Vorab: Es ist keinesfalls - wie oft angenommen - selbstverständlich, dass Anwendungs-Software (wie z.B. HLS-90) auf neuentwickelten Betriebssystemen (z.B. Vista) problemlos ausgeführt werden kann! Daher gehört der erste Punkt der folgenden Auflistung mit zu den wichtigsten Gründen der Weiterentwicklung:

- Investitionssicherheit(!) - auch für zukünftige (MS-)Betriebssysteme
- Weiter verstärkte Einbindung des Internets
- Viele Arbeitsabläufe werden direkter und schneller
- Weitere Vereinfachung in den Bedienungsabläufen (z.B. Scrollen in der Positionsliste, ...)
- Viele große und kleine Detailverbesserungen
- Erweiterte Funktionalitäten
- Neue, modernere, ansprechende Optik
- Neues Sicherheitskonzept (siehe unten)

An der gewohnten Oberfläche und der einfachen Bedienung hat sich nichts geändert!

Systemvoraussetzungen

Der Wechsel unseres Entwicklungssystems entspricht einem Sprung von ca. zehn Jahren, also etwa der Unterschied zwischen Windows 95 und dem aktuellen Windows Vista.
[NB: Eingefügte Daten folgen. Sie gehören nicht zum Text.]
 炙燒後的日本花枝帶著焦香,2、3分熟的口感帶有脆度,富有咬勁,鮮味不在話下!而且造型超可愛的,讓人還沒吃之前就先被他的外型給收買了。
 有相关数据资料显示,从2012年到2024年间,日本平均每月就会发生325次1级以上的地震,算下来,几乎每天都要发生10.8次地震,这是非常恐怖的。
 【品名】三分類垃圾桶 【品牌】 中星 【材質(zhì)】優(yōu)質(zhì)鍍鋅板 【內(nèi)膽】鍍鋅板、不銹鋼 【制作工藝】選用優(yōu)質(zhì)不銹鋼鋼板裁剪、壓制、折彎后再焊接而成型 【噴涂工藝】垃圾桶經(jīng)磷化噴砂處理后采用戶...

Daher können die veralteten Betriebssysteme Windows 95/98/SE/ME und NT aus technischen Gründen nicht mehr unterstützt werden.
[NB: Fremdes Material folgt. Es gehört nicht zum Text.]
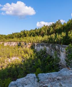 А в самом сердце Дюкинского заповедника мы посетим уголок «альпийских скал» — Дюки, как называют их местные жители. Огромные отвесные скалы, высотой свыше 13 метров, со всех сторон окружены мачтовыми соснами и поросли сосновым молодняком. Трудно поверить, глядя с высоты отвесной скалы на глубокий протяжённый каньон, что мы находимся в средней полосе России.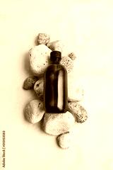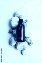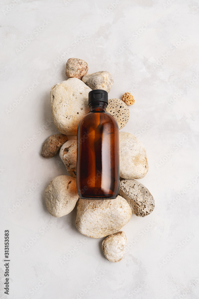 Environmentally clear nature composition with a glass bottle of liquid, shampoo over moss with stones, minerals, sea, shell for organic cosmetic products on white with copy space.
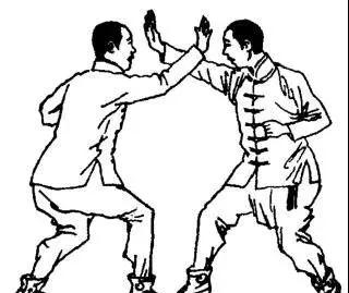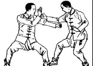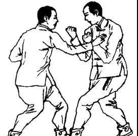 乙再退右足提左足,用左手将甲之右手向外推,右手即速用崩拳向着甲之腹打去。此为甲之起点头手,还打乙之头一手相同再往回打。仍是乙为甲之已来之式。甲为乙之已来之式循环往来不穷。若欲休息,仍还于原起点处,停住,自便休息。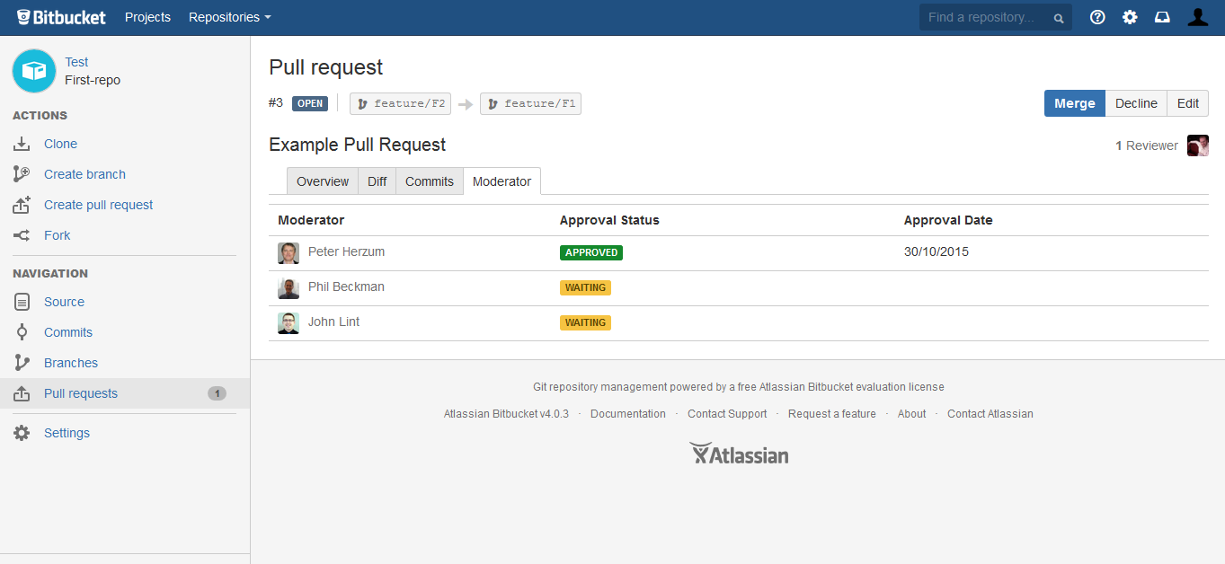 As a user, if you open a pull-request you can see the approval status by opening the Moderator tab. This tab shows all the moderator/s defined per repository or project basis.
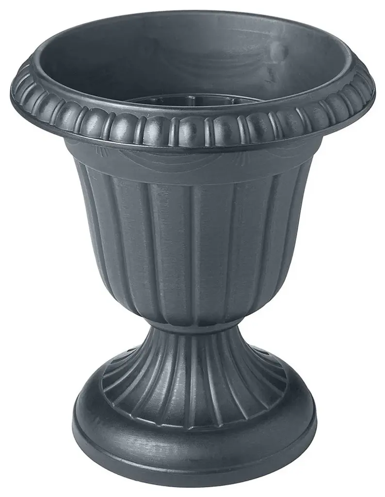 Showcase your favorite flowers and greenery in the elegant, ecofriendly Bristol Urn Planter. Made from a mix of recycled polymer, stone powder, and wood dust, this black urn is lightweight, weather-resistant, and durable. Its carved leaf and circle designs give it a traditional feel.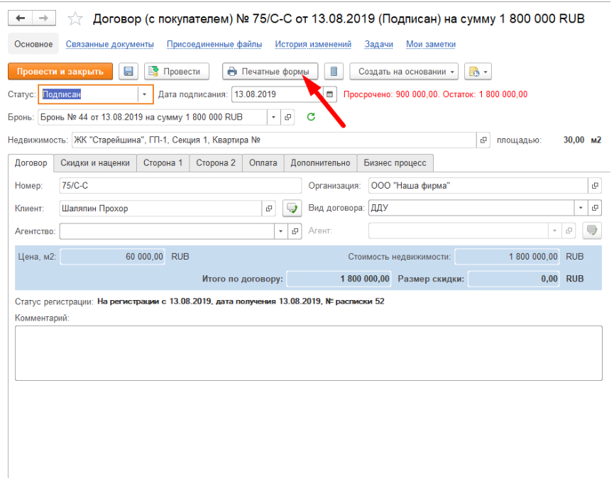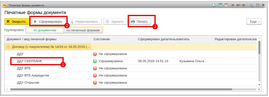 Для формирования печатной формы договора нажмите на "Печатные формы". В появившемся окне:
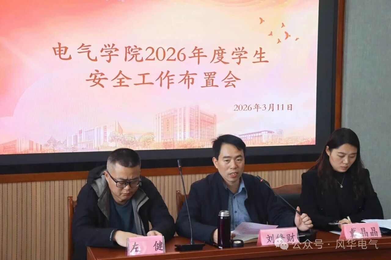 为深入贯彻落实学校关于校园安全工作的相关要求,切实筑牢学院安全防线,3月12日,电气学院在学院403会议室组织召开2026年度学生安全工作布置会。学院党委副书记刘修财、学工办主任兼团委书记戴晶晶、安全文明创建中心指导老师左健出席会议,学院安全文明创建中心全体学生骨干及各班级消防委员代表参加会议。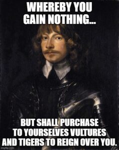 So who actually does want a republic? Socialists, communists, fashionable thinkers and those who don’t generally think things through. Most of them are decent enough human beings; but none of them has come up with any good reasons for having one. And of course there are the New Puritans. I have written elsewhere that we seem to be re-living the 17th century at present. In an age of iconoclasm there’s always somebody who wants to smash statues, destroy images, and deface ancient monuments. If you’re that sort of person, please read up on that dreadful time: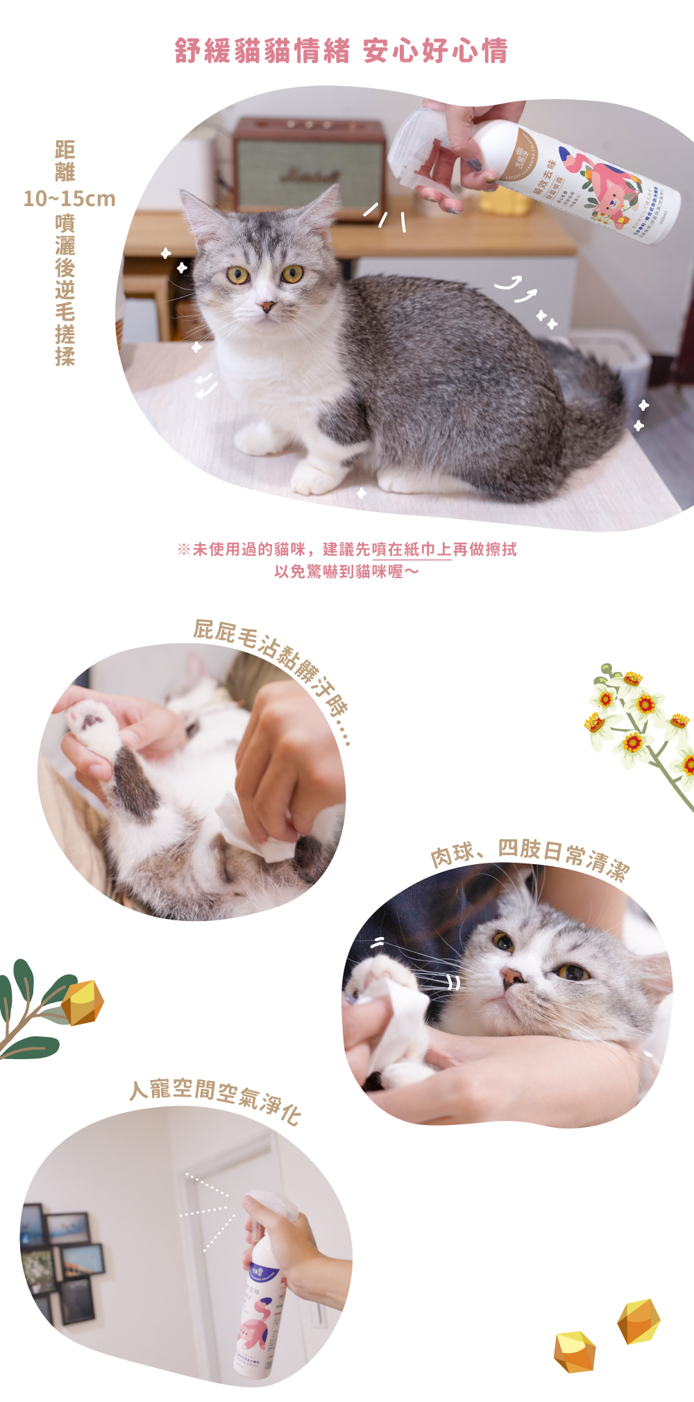 (第一次使用的貓咪,建議噴在紙巾上再做擦拭,以免驚嚇貓咪)

Mindestvoraussetzung sind jetzt Windows 2000, XP, Vista, Windows Server (2000, 2003, 2008) und deren Weiterentwicklungen.

Konzept

Das lange von Microsoft angekündigte .NET Framework bedeutet für die Microsoft Welt einen ähnlich großen Schritt wie von DOS zu Windows.
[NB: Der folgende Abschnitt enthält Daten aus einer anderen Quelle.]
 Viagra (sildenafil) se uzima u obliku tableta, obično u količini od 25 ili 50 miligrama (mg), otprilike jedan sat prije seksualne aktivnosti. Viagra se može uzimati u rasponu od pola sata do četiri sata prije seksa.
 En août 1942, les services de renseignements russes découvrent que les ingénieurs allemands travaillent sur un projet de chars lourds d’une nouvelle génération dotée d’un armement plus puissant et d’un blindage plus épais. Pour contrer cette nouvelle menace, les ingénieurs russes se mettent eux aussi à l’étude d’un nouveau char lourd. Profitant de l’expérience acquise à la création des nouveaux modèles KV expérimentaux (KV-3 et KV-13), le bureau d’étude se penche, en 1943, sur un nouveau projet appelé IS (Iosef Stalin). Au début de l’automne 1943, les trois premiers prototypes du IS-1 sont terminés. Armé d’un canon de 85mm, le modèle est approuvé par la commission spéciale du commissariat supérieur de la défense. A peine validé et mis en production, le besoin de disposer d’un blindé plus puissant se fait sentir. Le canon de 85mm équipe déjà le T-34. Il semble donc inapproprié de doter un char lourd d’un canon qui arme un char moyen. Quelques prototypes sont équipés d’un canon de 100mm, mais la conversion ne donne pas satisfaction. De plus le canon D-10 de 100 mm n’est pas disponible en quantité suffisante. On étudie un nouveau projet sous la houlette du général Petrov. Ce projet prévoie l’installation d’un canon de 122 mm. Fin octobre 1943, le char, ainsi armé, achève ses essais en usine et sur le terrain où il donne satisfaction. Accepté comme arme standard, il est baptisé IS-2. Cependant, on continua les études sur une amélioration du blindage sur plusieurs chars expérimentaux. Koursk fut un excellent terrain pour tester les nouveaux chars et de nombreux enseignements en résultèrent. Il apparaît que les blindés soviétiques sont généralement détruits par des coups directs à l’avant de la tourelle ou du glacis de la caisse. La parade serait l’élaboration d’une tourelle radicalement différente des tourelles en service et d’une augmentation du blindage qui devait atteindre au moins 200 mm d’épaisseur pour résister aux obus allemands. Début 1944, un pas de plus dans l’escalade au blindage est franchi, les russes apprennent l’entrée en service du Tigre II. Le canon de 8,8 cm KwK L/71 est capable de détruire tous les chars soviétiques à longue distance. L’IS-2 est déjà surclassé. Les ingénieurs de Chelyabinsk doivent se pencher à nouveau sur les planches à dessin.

Beim .NET Framework handelt es sich um eine Schicht zwischen Betriebssystem und den Anwendungen. Es ersetzt damit unter anderem auch die Win 32 API die dann nicht mehr nötig ist. Dabei beinhaltet das Framework vielerlei Dinge, die entweder völlig neu oder ganz anders funktionieren. So entfällt das Registrieren von DLL's. Die klassischen COM DLL's gibt es nicht mehr. Als Ersatz dienen die sogenannten Assemblies, die zwar auch die Endung DLL haben, aber ansonsten in der .NET Umgebung ausgeführt werden. Die Installation einer .NET Anwendung erfordert ein einfaches kopieren der Dateien in ein Verzeichnis. Einzige Bedingung ist, das die Assemblies in einem Verzeichnis namens BIN liegen, das sich unterhalb befinden muss. Wenn Sie ihrer Anwendung überdrüssig sind, löschen Sie einfach das komplette Verzeichnis.

.NET Programme wie HLS-90 haben nach wie vor die Extension .EXE. Diese sind aber nur ausführbar, wenn sich das .NET Framework auf dem PC befindet auf dem das Programm aufgerufen wird. Code der innerhalb des .NET Kontextes läuft wird dabei managed Code genannt. Es gibt die Möglichkeit noch auf alte Win 32 Programme (unmanaged) oder Code zuzugreifen, über die COM Interoperatibility.

Sicherheit

Eines der wichtigsten Konzepte ist das Sicherheitskonzept von .NET, das weit über das bisher in Windows verankerte oder etwa das von Java hinausgeht.

Das Sicherheitskonzept von .NET fängt an bei Mechanismen, die die Identität des Programmherstellers gewährleisten sollen (Authentizität), geht über Mechanismen zum Schutz der Programme vor Veränderung (zum Beispiel durch Programmviren) bis hin zu Schutzmechanismen, die den Ort der Herkunft bzw. Programmausführung (zum Beispiel Internet) einbeziehen. Es gibt technisch betrachtet sowohl ein codebasiertes (Code based Security) als auch ein nutzerbasiertes (Role based Security) Sicherheitsmodell. Spezialisten stoßen allerdings insbesondere bei der Web- und Datenbankprogrammierung unter .NET auf bis zu ein halbes Dutzend alternativer und ergänzender Sicherheitsmodelle von Betriebssystem, CLR, Datenbank und Webserver.